*** Begin section ***

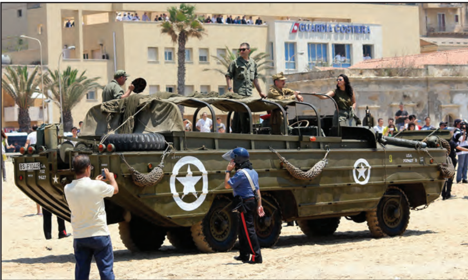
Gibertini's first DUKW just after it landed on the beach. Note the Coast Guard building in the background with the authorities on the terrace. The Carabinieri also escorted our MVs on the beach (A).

*** End section ***
*** Begin section ***

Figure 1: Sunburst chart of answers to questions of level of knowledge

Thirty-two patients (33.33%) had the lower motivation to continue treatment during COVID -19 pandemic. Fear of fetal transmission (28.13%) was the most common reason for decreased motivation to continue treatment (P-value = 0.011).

*** End section ***

YOUR TASK:
One stretch of the lines above is wanted, from the line that contains "Figure 1: Sunburst" through the line that contains "Thirty-two patients (33.33%)". Output it exactly.

EXERCISE RESPONSE:
Figure 1: Sunburst chart of answers to questions of level of knowledge

Thirty-two patients (33.33%) had the lower motivation to continue treatment during COVID -19 pandemic. Fear of fetal transmission (28.13%) was the most common reason for decreased motivation to continue treatment (P-value = 0.011).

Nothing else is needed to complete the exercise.